When I connect to a port that is stuck in this fashion, I may get some initial output, but it is most likely from the buffer, as I get it every time I try to connect. Attempting to send input or generate more output from serial side does not result in output being sent to connections.
Ser2net is set up as a user daemon:
init.d config
$ cat /etc/init.d/ser2net
#! /bin/bash
#
# ser2net init script for ser2net
#
# Written by Miquel van Smoorenburg <[email protected]>.
# Modified for Debian GNU/Linux
# by Ian Murdock <[email protected]>.
# Modified for ser2net by Marc Haber <[email protected]>
### BEGIN INIT INFO
# Provides: ser2net
# Required-Start: $network $remote_fs
# Required-Stop: $network $remote_fs
# Should-Start:
# Should-Stop:
# Default-Start: 2 3 4 5
# Default-Stop: 0 1 6
# Short-Description: Allows network connections to serial ports
# Description: This daemon allows telnet and tcp sessions to be established with a unit's serial ports.
### END INIT INFO
set -e
if [ -r "/lib/lsb/init-functions" ]; then
. /lib/lsb/init-functions
else
echo "E: /lib/lsb/init-functions not found, lsb-base (>= 3.0-6) needed"
exit 1
fi
if [ -n "$SER2NETDEBUG" ]; then
echo "now debugging $0 $@"
set -x
fi
LANG=C
export LANG
PATH=/sbin:/bin:/usr/sbin:/usr/bin
DAEMON=/usr/sbin/ser2net
NAME=ser2net
DESC="Serial port to network proxy"
PIDFILE=/run/$NAME.pid
test -f $DAEMON || exit 0
# Defaults
CONFFILE="/etc/ser2net.yaml"
OPTIONS=""
CONTROLPORT=""
# Read config file (will override defaults above)

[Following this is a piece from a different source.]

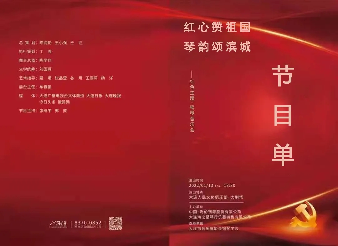 值此中國共產黨百年華誕剛過之際,為增強大連市鋼琴人才的藝術交流,共頌中國共產黨百年輝煌。由中國海倫鋼琴股份有限公司、大連海之星琴行銷售有限公司主辦,大連市音樂家協會鋼琴學會支持的紅心贊祖國,琴韻頌濱城——紅色主題鋼琴音樂會將于2022年1月13日華麗開啟。眾多大連優秀的鋼琴演奏家,將以音樂演繹青春風采、以音樂展現藝術風貌、以音樂禮贊偉大祖國。
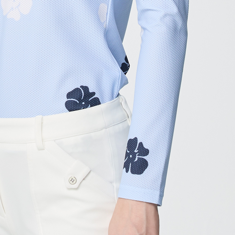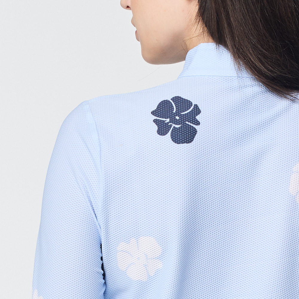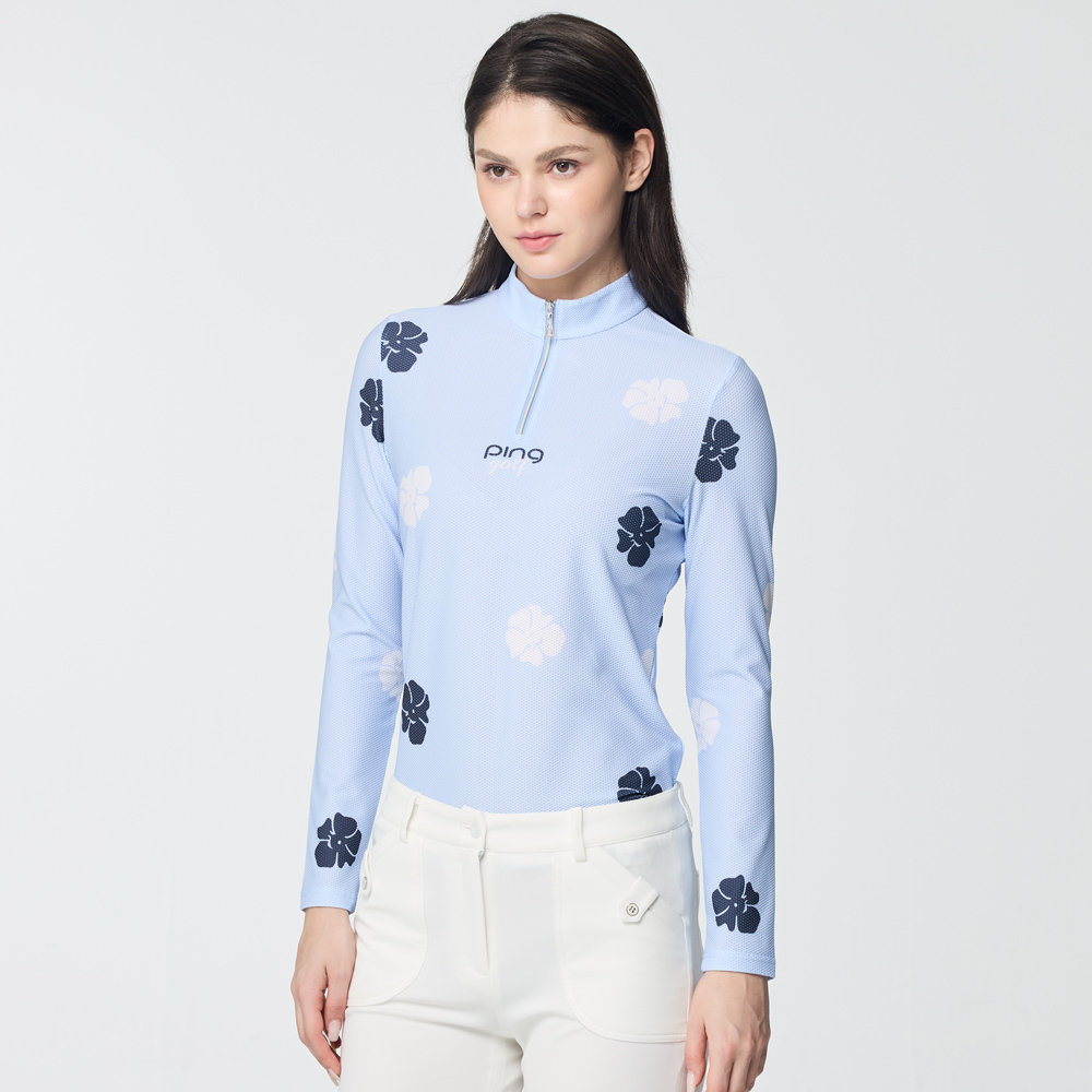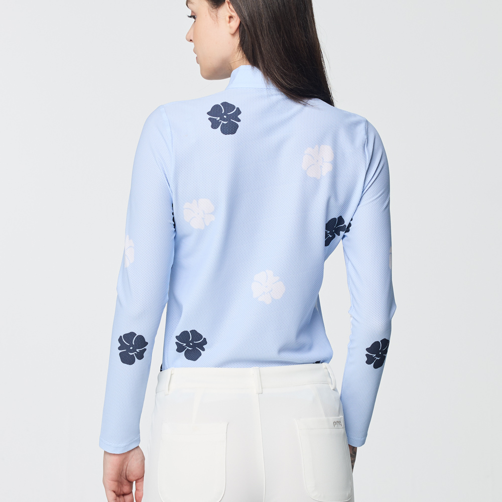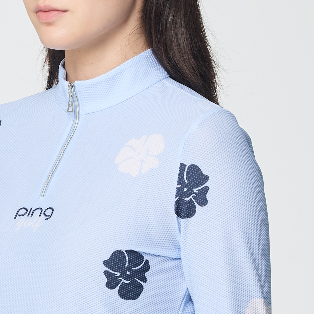【PING】女款花朵網眼薄長袖立領上衣-藍 / RA25214-55

[ -r /etc/default/ser2net ] && . /etc/default/ser2net
# this is from madduck on IRC, 2006-07-06
# There should be a better possibility to give daemon error messages
# and/or to log things
log()
{
case "$1" in
[[:digit:]]*) success=$1; shift;;
*) :;;
esac
log_action_begin_msg "$1"; shift
log_action_end_msg ${success:-0} "$*"
}
start () {
if ! pidofproc -p "$PIDFILE" "$DAEMON" >/dev/null; then
start_daemon -p $PIDFILE $DAEMON ${CONTROLPORT:+-p} $CONTROLPORT -c $CONFFILE -P $PIDFILE $OPTIONS
ret=$?
else
log_failure_msg "already running!"
log_end_msg 1
exit 1
fi
return $ret
}
stop () {
# this is a workaround for #451529 as ser2net 2.5 does not delete its pidfile
SIG="${1:--TERM}"
killproc -p "$PIDFILE" "$DAEMON" "$SIG"
# this is a workaround for killproc -TERM not zapping the pidfile
if ! pidofproc -p "$PIDFILE" "$DAEMON" >/dev/null; then
rm -f $PIDFILE
fi
}
status()
{
log_action_begin_msg "checking $DESC"
if pidofproc -p "$PIDFILE" "$DAEMON" >/dev/null; then
log_action_end_msg 0 "$NAME running"
else
if [ -e "$PIDFILE" ]; then
log_action_end_msg 1 "$NAME failed"
exit 1
else
log_action_end_msg 0 "$NAME not running"
exit 3
fi
fi
}
if ! [ -e "$CONFFILE" ]; then
log_failure_msg "Not starting ser2net: Conffile $CONFFILE missing"
log_end_msg 1
exit 1
fi
case "$1" in
start)
log_daemon_msg "Starting $DESC" "$NAME"
start
log_end_msg 0
;;
stop)
log_daemon_msg "Stopping $DESC" "$NAME"
stop
log_end_msg 0
;;
reload|force-reload)
log_daemon_msg "Reloading $DESC" "$NAME"
stop "-HUP"
log_end_msg 0
;;
restart)
log_daemon_msg "Restarting $DESC" "$NAME"
stop
sleep 1
start
log_end_msg 0
;;
status)
status
;;
*)
N=/etc/init.d/$NAME
echo "Usage: $N {start|stop|restart|reload|force-reload|status}" >&2
exit 1
;;
esac
exit 0
Ser2net config
%YAML 1.1
---
# This is a ser2net configuration file, tailored to be rather
# simple.
#
# Find detailed documentation in ser2net.yaml(5)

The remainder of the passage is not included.